Veröffentlicht am: Dez 6, 2021

Niemand ist in der Lage, alles zu wissen – dieser Umstand ist unbestritten. Individuen haben somit immer die Möglichkeit, Neues zu entdecken und sich umfangreicheres Wissen anzueignen. Der konstruktive Austausch von Informationen und die menschliche Interaktion sind ein wesentlicher Bestandteil unseres Alltags, der ohne Fragen wohl weitestgehend zum Erliegen kommen würde.

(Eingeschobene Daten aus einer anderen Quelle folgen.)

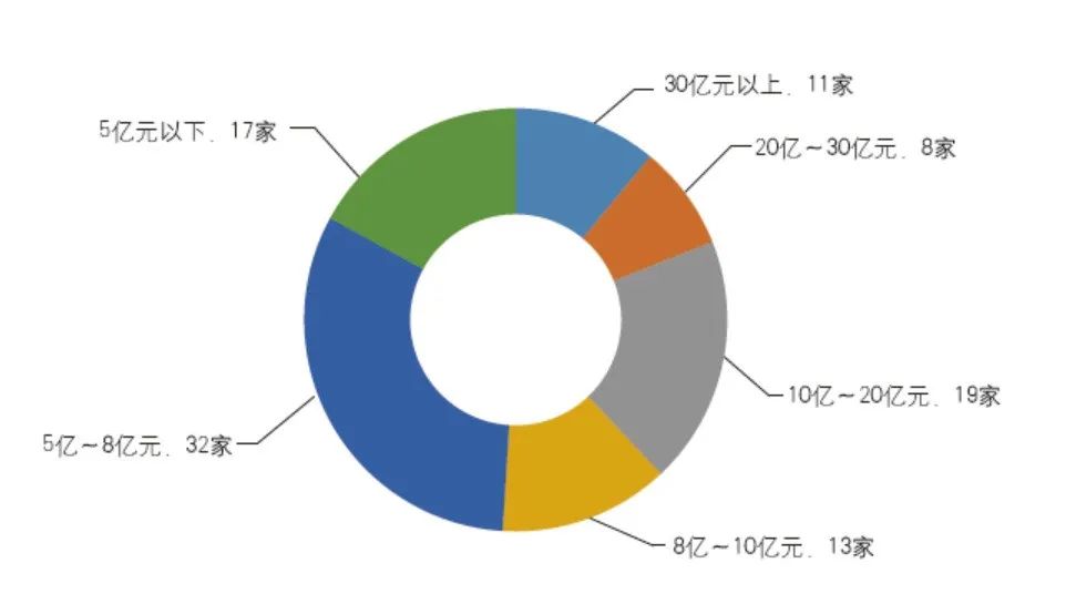 加總今年榜單中百強企業的銷售收入,總值為1375億元,同比增長5.5%。盡管本屆榜單門檻降低、榜首收入下降,但整體規模依然實現正增長。從短短三年時間,30億元集團軍由4家擴容到8家,再到11家等現象可知,百強陣營分化加劇,一些快速領跑的企業拉動了總規模的持續提升。

Von klein auf lernen wir durch Fragen, deren Stellen unterschiedlich begründet sein kann. Fragen ermöglichen es, die eigene Neugier zu befriedigen, Wissen zu akkumulieren, zwischenmenschliche Beziehungen aufzubauen und Fortschritt zu erzielen. Es stellt sich somit die Frage, welche Bedeutung dem Stellen von Fragen in unserem Alltag zukommt. Im Rahmen dieses Posts soll betrachtet werden, wie sich das Stellen von Fragen auf den Lernprozess auswirkt, warum das Fragenstellen eine erlenbare Fähigkeit ist und wie Individuen, Gruppen und Organisationen von Fragen profitieren können.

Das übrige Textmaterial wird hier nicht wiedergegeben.